Asia Morning BitesChinaIndiaJapan...
Asia Morning Bites
Thursday's data calendar is loaded with China reporting PMI figures, India's 3Q23 GDP plus the BoK decision on policy
Global macro and markets
- Global markets: Tuesday’s bond market rally continued on into Wednesday. 2Y Treasury yields fell a further 8.9bp to 4.645%, while the yield on 10Y Treasuries fell 6.5bp to 4.255%. Such a big move in a relatively short time argues for a correction at some point. There is still a little further for this bond rally to run before it hits overbought territory…not much though. EURUSD hasn’t taken any support from this latest bond move and has drifted back from 1.10 to 1.0973. The AUD has also lost ground, dropping to 0.6619 after yesterday’s low inflation print. Cable has dropped back just below the 1.27 level it breached earlier. The JPY is looking the strongest of the G-10, and has moved erratically lower to 147.07. Most of the Asia pack gained against the USD yesterday. The VND was weaker, perhaps a response to the new higher corporate tax rates announced. Leading the charge for the rest of the region were the TWD, MYR and THB with the KRW shortly behind. USDCNY is now 7.1262 after a small gain on the day.

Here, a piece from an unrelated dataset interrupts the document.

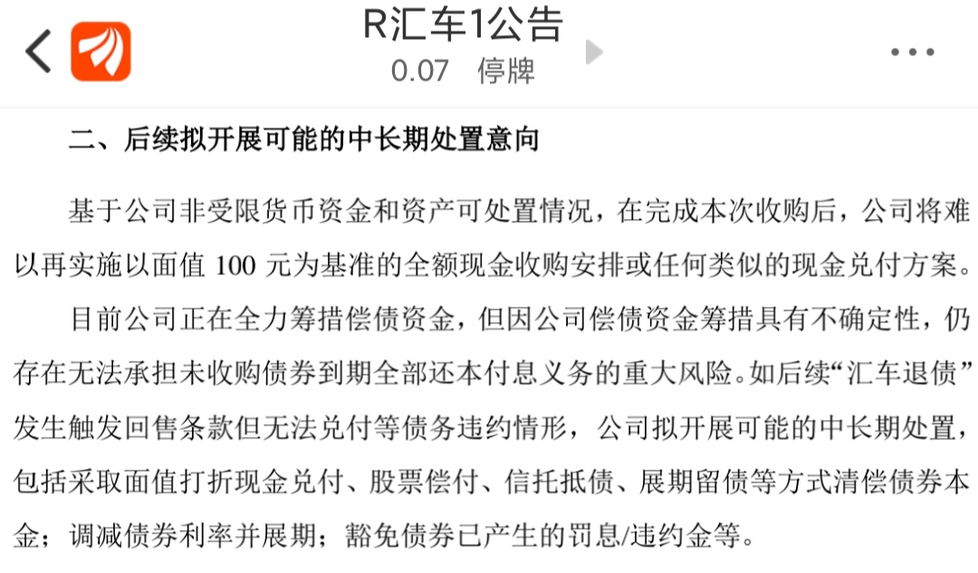 [临时公告]R汇车1:关于“汇车退债”线下参与本次收购意愿申报的公告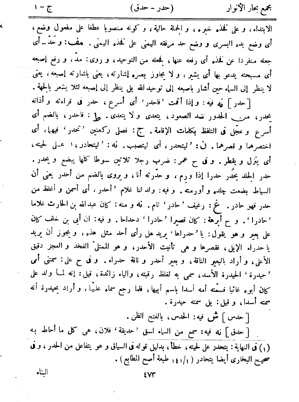[حدر] نه فيه: وإذا أقمت "فاحدر" أي أسرع، حدر في قراءته وأذانه يحدر، من الحدور ضد الصعود، يتعدى ولا يتعدى. ط: فاحدر، بالضم أي أسرع وعجل في التلفظ بكلمات الإقامة. ج: فصلى ركعتين "تحدر" فيهما، أي اختصرهما وقصرهما. ن: "ليتحدر" أي ليتصبب. نه: "ليتحادر" على لحيته، أي ينزل ويقطر. وفي ح عمر: ضرب رجلاً ثلاثين سوطاً كلها يبضع ويحدر. حدر الجلد يحدر حدراً إذا ورم، وحدرته أنا، ويروى بالضم من أحدر يعني أن السياط بضعت جلده وأورمته. وفيه: ولد لنا غلام "أحدر" أي أسمن وأغلظ من حدر فهو حادر. غ: رغيف "حادر" تام. نه ومنه: كان عبد الله بن الحارث غلاماً "حادراً". وح أبرهة: كان قصيراً "حادراً" دحداحاً. وفيه: إن أبي بن خلف كان على بعير وهو يقول: يا "حدراها" يريد هل رأى أحد مثل هذه، ويجوز أن يريد يا حدراء الإبل، فقصرها وهي تأنيث الأحدر، وهو الممتلئ الفخذ والعجز دقيق الأعلى، وأراد بالبعير الناقة، وبعير أحدر وناقة حدراء. وفي ح على: سمتني أمي "حيدرة" الحيدرة الأسد، سمي به لغلظ رقبته، والياء زائدة، قيل: إنه لما ولد علي كان أبوه غائباً فسمته أمه أسداً باسم أبيها، فلما رجع سماه علياً، وأراد بحيدرة أنه سمته أسداً، وقيل: بل سمته حيدرة.

- G-7 macro: Germany delivered some very benign preliminary inflation data for November. The Harmonised CPI index fell 0.7% MoM, and took the inflation rate to just 2.3% YoY, within spitting distance of the 2% target, and surely raising thoughts about ECB Rate cuts next year if the rest of the Eurozone follows suit. No wonder EURUSD didn’t move higher yesterday. The second revision of US GDP delivered the 5.0% annualised rate of growth expected by all. Today, we have already had the US Fed’s Beige book, where the newswire headlines have focused on some pullback by consumers on discretionary spending and some softening of labour markets. PCE inflation data later today will be the main focus and should follow the downward path indicated by the earlier CPI release. Core PCE inflation for October is expected to decline from 3.7% to 3.5% YoY.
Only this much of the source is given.